Exam P Practice Problem 11 – Binomial Sums

Problem 11A
Suppose X and Y are independent binomial variables with the following probability functions:

    \displaystyle P(X=k)=\binom{5}{k} \ \biggl[\frac{6}{10}\biggr]^k \ \biggl[\frac{4}{10}\biggr]^{10-k} \text{ where } k=0.1,2,3,4,5

    \displaystyle P(Y=k)=\binom{5}{k} \ \biggl[\frac{6}{10}\biggr]^k \ \biggl[\frac{4}{10}\biggr]^{10-k} \text{ where } k=0.1,2,3,4,5

Calculate the following sum:

    \displaystyle P(X=0) \ P(Y=4)+P(X=1) \ P(Y=3)+P(X=2) \ P(Y=2)

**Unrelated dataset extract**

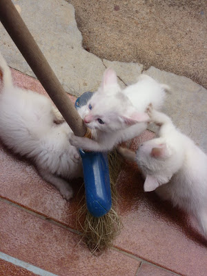 Sie hat 3 kleine Babykatzen, welche die Eltern mit der Flasche groß ziehen, da die Katzenmutter bei der Geburt gestorben ist. Obwohl eine der Katzen unbedingt auf meinen Schoss springen und mir mit ihren Krallen ein paar Striemen verpassen musste (wer hat auch im Winter einen Rock an...), waren die Katzen voll witzig und süss.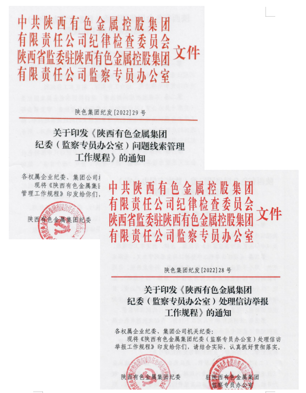 近日,陜西有色金屬集團紀(jì)委依據(jù)中央紀(jì)委印發(fā)的《紀(jì)檢監(jiān)察機關(guān)問題線索管理辦法》等黨內(nèi)法規(guī),結(jié)合以往開展監(jiān)督檢查審查調(diào)查工作經(jīng)驗,分別研究制定并向權(quán)屬企業(yè)紀(jì)委下發(fā)了《信訪舉報工作規(guī)程》和《問題線索管理工作規(guī)程》(以下簡稱規(guī)程)。前者從信訪舉報的反映方式、受理、分類、分辦流轉(zhuǎn)、辦理要求、監(jiān)督統(tǒng)計、綜合運用等方面明確了信訪件從受理到處置的全流程要求,后者從問題線索的甄別、篩選、流轉(zhuǎn)、處置、監(jiān)督等方面對線索處置各環(huán)節(jié)職責(zé)任務(wù)進行了明確。

      \displaystyle +P(X=3) \ P(Y=1) + P(X=4) \ P(Y=0)

Problem 11B
Suppose X and Y are independent binomial variables with the following probability functions:

    \displaystyle P(X=k)=\binom{6}{k} \ \biggl[\frac{1}{2}\biggr]^6 \text{ where } k=0.1,2,3,4,5,6

    \displaystyle P(Y=k)=\binom{4}{k} \ \biggl[\frac{1}{2}\biggr]^4 \text{ where } k=0.1,2,3,4

Calculate the following sum:

    \displaystyle P(X=1) \ P(Y=4)+P(X=2) \ P(Y=3)+P(X=3) \ P(Y=2)

      \displaystyle +P(X=4) \ P(Y=1) + P(X=5) \ P(Y=0)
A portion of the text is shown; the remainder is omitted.